Station No. 4: Badacsony – The ‘Tátika’ Restaurant

This building is somewhat an odd one out, as only the original foundations are visible at Badacsony. Unfortunately, what you can now see only faintly resembles the authentic ‘Tátika’ (Snapdragon) restaurant. The architect, Ferenc Callmeyer, designed several iconic Balaton buildings, such as Poharazó (the Wine-sipper) in Badacsony and Rege (The Legend) Confectionery in Tihany. Callmeyer initially intended the restaurant to stand directly on the waterfront, arching over the water. Since it did not withstand the winter weather, however, the area in front was filled in and used as a terrace. The former ‘Tátika’ was listed as a heritage building in 2011 and is reportedly under renovation.

Station No. 5: Balatonföldvár – Bathhouses

Bathhouses were not the exclusive privilege of the north shore. In Balatonföldvár, for example, they were built in the late 1800s on land owned by Count Viktor Széchényi. The bathing culture that had developed by that time left a long-lasting mark on the layout of the present-day Földvár, as it was at this time that the coastal areas were parcelled out and the bathing neighbourhood was established.

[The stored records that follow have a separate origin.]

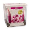 Dúhová sviečka v sklenenom hranatom pohári s trojfarebným voskom a jedinečnou vôňou ruže.
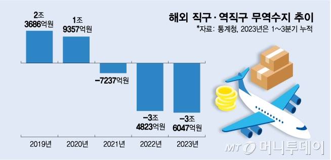 중국 쇼핑앱의 거침없는 진격으로 해외 직접구매(직구)·해외 직접판매(역직구) 무역수지는 악화일로다. 2020년까지는 역직구로 불리는 해외 직접판매가 직접구매를 상회하면서 해외 직구·역직구 무역수지는 흑자를 유지했다. 하지만 2021년 7237억원 적자를 기록한 이후 2022년에는 3조4823억원으로 적자폭이 확대됐으며 올해는 3분기까지 3조6047억원의 적자가 발생했다.
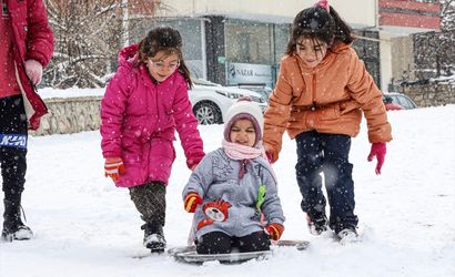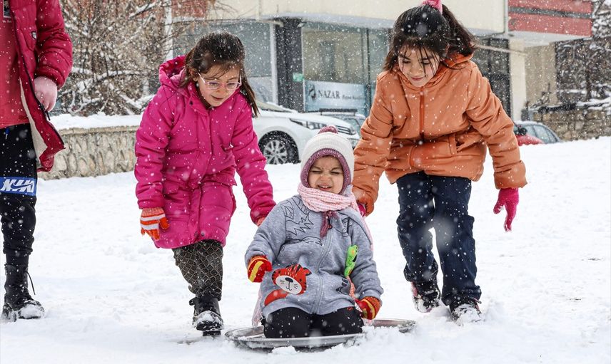 Malatya'nın Darende ilçesinde kar etkili oldu. Kar yağışını fırsat bilen çocuklar, sokaklara çıkarak kartopu oynadı, kızak kayarak eğlendi.
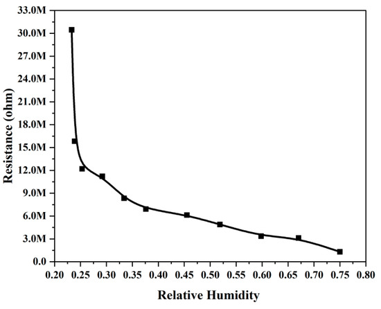 Environmental relative humidity vs. resistance of the FA–ZnO sensing material.
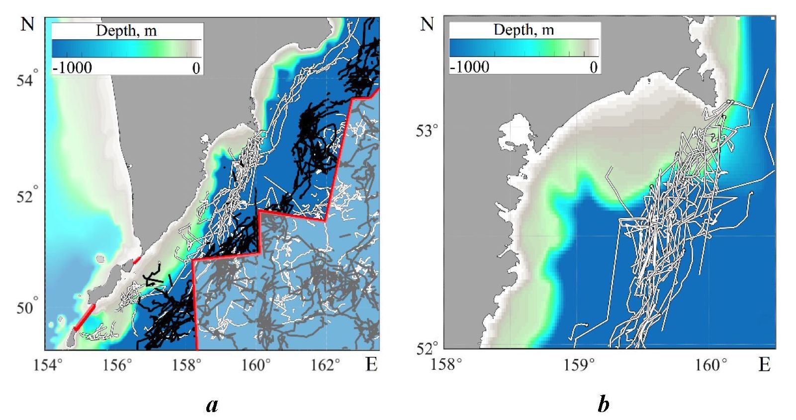 Fig. 2. Trajectories of mesoscale eddy movement in the areas adjacent to the Kamchatka Peninsula and the Kuril Islands from March to August 2015–2021 (a): the black lines indicate the cyclonic structure trajectories; the white lines indicate the anticyclonic structure trajectories. The red broken line limits the coastal area corresponding to the zone of satisfactory coverage of SAR images; tracks of anticyclonic mesoscale eddies near the Avacha Gulf (b)
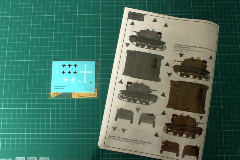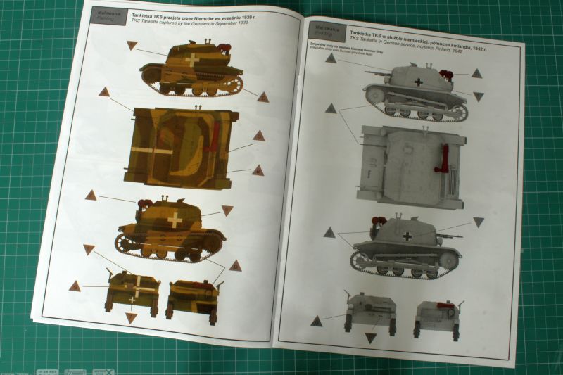 Trzecia odsłona TKSa to pojazd określany jako Panzerkampfwagen TKS (p) Jak łatwo się domyśleć mamy tu do czynienia z zestawm, który umożliwia wykonanie modelu pojazdu zdobycznego. Po Kampanii wrześniowej, Niemcy przejęli pewna ilość tych pojazdów i wykorzystwali praktycznie do końca wojny. Model ztem możemy wykonać w jednym z czterech malowań - polską maszynę z oznaczeniami Wehrmachtu, dwie używane w Finlandii oraz jedną używaną przez nieokreśloną niemiecką jednostkę na forcie zachodnim w 1944r. Jaka szkoda, że nie ma bliższych danych na temat tej ostatniej. TKS w Noramdii oglądany przez spadochroniarzy z 82 AB, to by była dioramka! Jesli natoamst chodzi o sam zestaw, to jest on identyczny z 35045, nie ma tylko figurek. w tym wypadku producent zrezygonował także z wersji z frabkami oraz zestawu startowego dla poczatkujących.
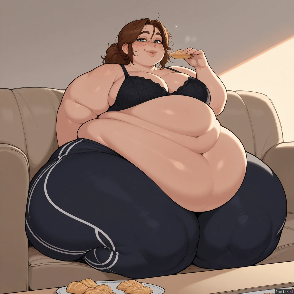 masterpiece, best quality, Kamii momoru, krekkov, best quality, intricate details, hdr, detailed eyes, (soft shading), realistic, dim lighting, realistic lighting, 1girl, solo, Brown wavey hair, blue eyes, excited, flirty, American ussbbw girl, college aged, fat round face, fat double chin, full lips, freckles, bright blue eyes, long eyelashes, short brunette messy hair, bangs, loose ponytail, seductive smile, (((hyper obese:0.5))), (((hyper obese hips))), (((hyper obese thighs))), (((hyper obese belly))), fat arms, medium breasts Sitting on couch, wearing a bra and underwear, (eating pastries), full body
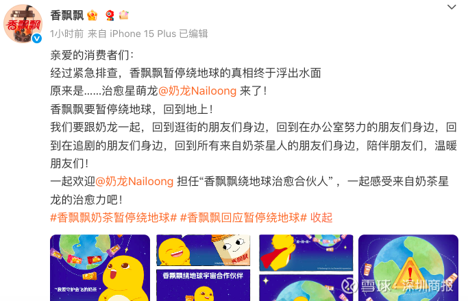 香飘飘称,一起欢迎奶龙Nailoong担任“香飘飘绕地球治愈合伙人”,一起感受来自奶茶星龙的治愈力吧!
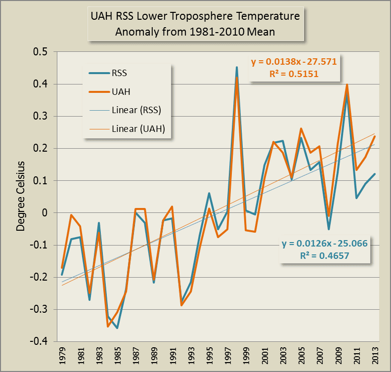 And here is a comparison of RSS and UAH annual temperature anomalies from the 1981-2010 baseline - over the full period of lower troposphere temperatures. You might be interested to know that from 1998 to 2013 (inclusive), with both UAH and RSS there were seven years where the annual temperatures were below their respective rising trend lines and nine years where the annual temperature was above the rising trend lines. I'm not trying to make any particular point here. Just figured you'd like to see what is occupying the collective mind of the denialati at WUWT. Just the same, for anyone who thinks that the rise in global temperatures has stalled, I suggest you read this article by Tamino and check out the updated Cowtan and Way analysis .blog.hotwhopper.com
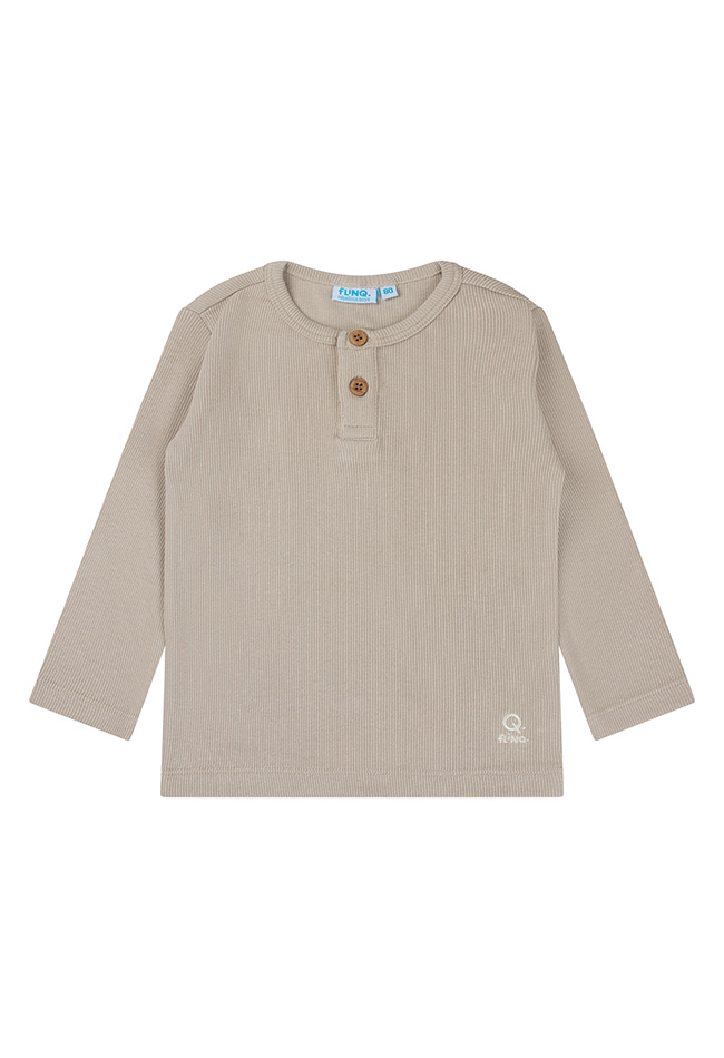 Effen serafino top met lange mouwen voor baby boys! Dit basic shirt hebben we in meerdere verschillende rustige kleuren. Met een kleine rib in de stof en lekker stretchy voor een hoog comfort gehalte.
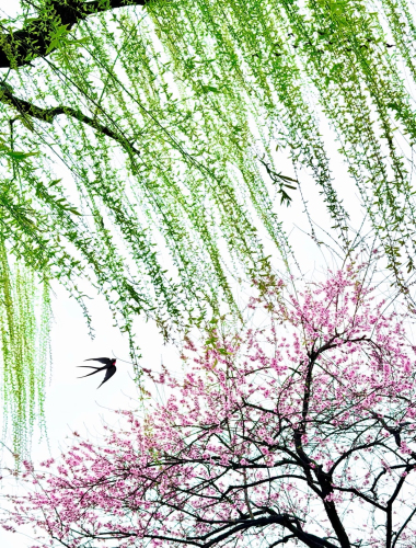 归燕剪云穿绿影,
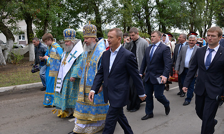Губернатор Николай Денин принял участие в Божественной литургии, которую отслужил в восстановленном Успенском соборе Свенского монастыря Митрополит Брянский и Севский Александр, и Крестном ходе: представители духовенства, исполнительной, законодательной власти региона, муниципальных образований, горожане прошли от древней обители к Кафедральному собору.
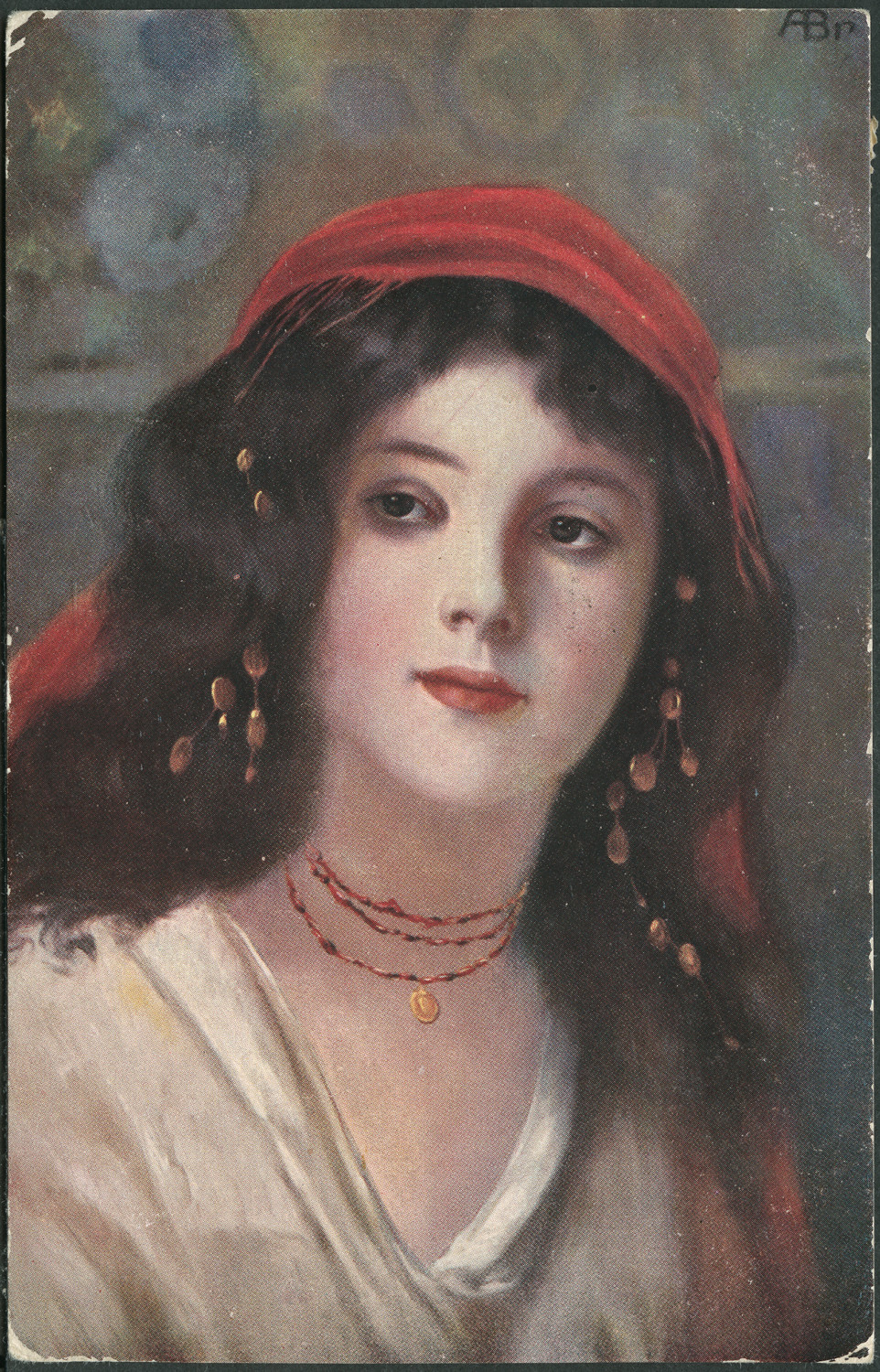 Nazwa: Reprodukcja malarstwa, "Kobieta z Orientu", data: 1905, miejsce: , typ obiektu: , wymiary14 x 9, opis: Popiersie, ciemne rozpuszczone włosy sięgające do ramion, na włosach czerwona chusta i sznurki z ozdobnymi wisiorkami, na szyi potrójny sznurek małych koralików i medalik.
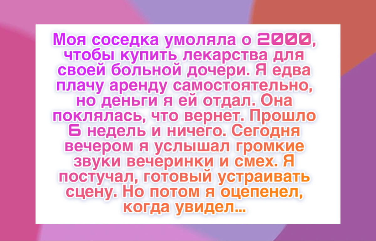 “Моя соседка умоляла занять ей 2000 на лекарства для ее больной девятилетней дочери. Я сам еле платил за квартиру, но дал ей деньги. Она клялась, что вернет.
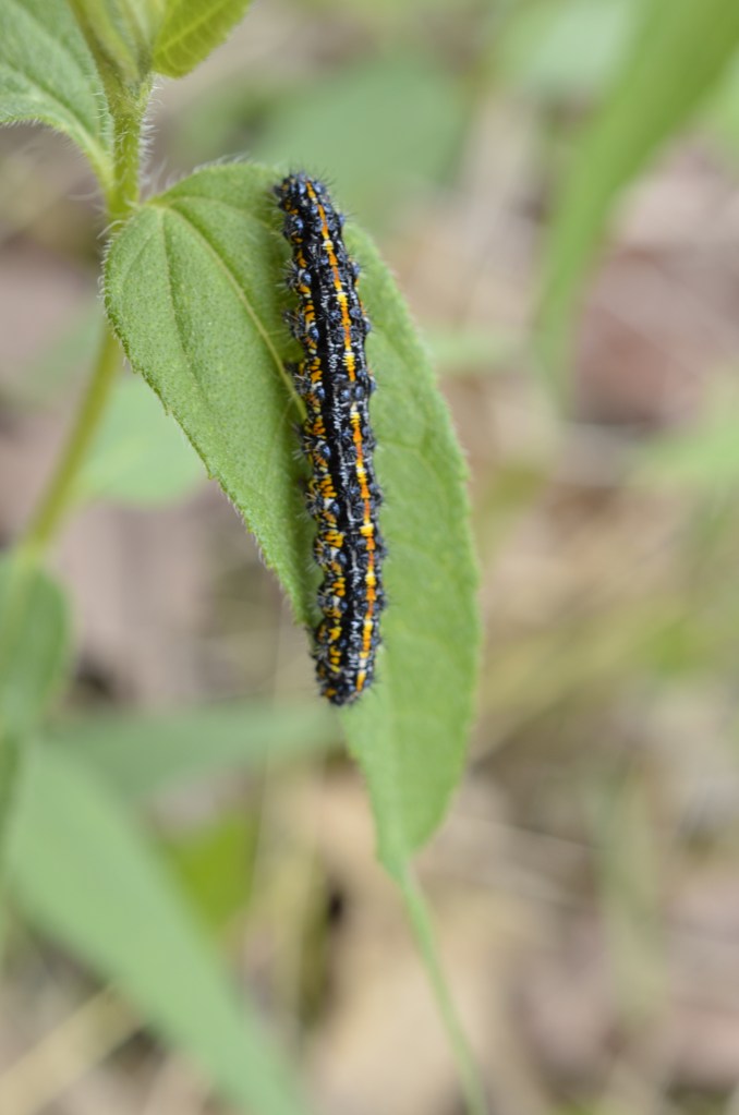 In the woods, I’m often on the hunt to find one of my favorite insects – caterpillars! Caterpillars come in so many different shapes and sizes. With over 11,000 species of moths found in North America and at least 750 butterfly species, there are thousands of different caterpillars to be found! I’ve seen my fair share – from the io moth caterpillar (look don’t touch!) to the spiny oak slug caterpillar, to clymene moth caterpillar (pictured), these critters are marvelous to behold.

Station No. 6: Balatonszéplak – Orion Bar

The Orion Bar was part of the resort owned by the National Association of Hungarian Journalists. It was built in 1971 based on the designs of István Márton using reinforced concrete with glass and aluminium windows and doors. According to the natives, its shape was inspired by the spaceship featured in a 1968 East-German sci-fi film ‘The Fantastic Adventures of the Spaceship Orion’. It is imprinted in the memory of locals and visitors alike as the Orion Bar. During the day, it was a meeting place for the journalist community, and even housed an exhibition hall. In the evenings, it transformed into a music bar, which was very popular in its heyday. It later became a disco and finally stood empty for years. Although there were plans to renovate it, it was finally demolished more than ten years ago.